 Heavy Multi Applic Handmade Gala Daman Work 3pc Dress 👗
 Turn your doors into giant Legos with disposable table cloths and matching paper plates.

==

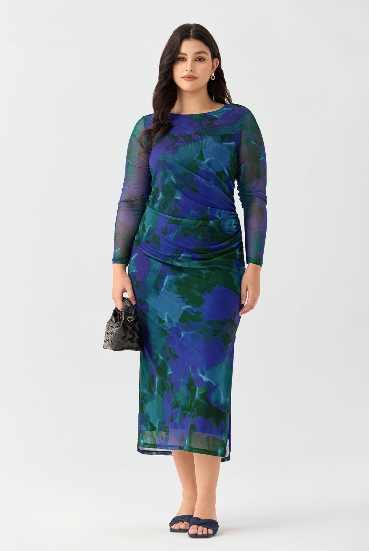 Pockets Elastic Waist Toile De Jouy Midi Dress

◆ Directions ◆
The line above containing "Heavy Multi Applic", the line containing "Turn your doors", and every line between them are to be transcribed exactly; no other line is wanted.

◆ Task response ◆
 Heavy Multi Applic Handmade Gala Daman Work 3pc Dress 👗
 Turn your doors into giant Legos with disposable table cloths and matching paper plates.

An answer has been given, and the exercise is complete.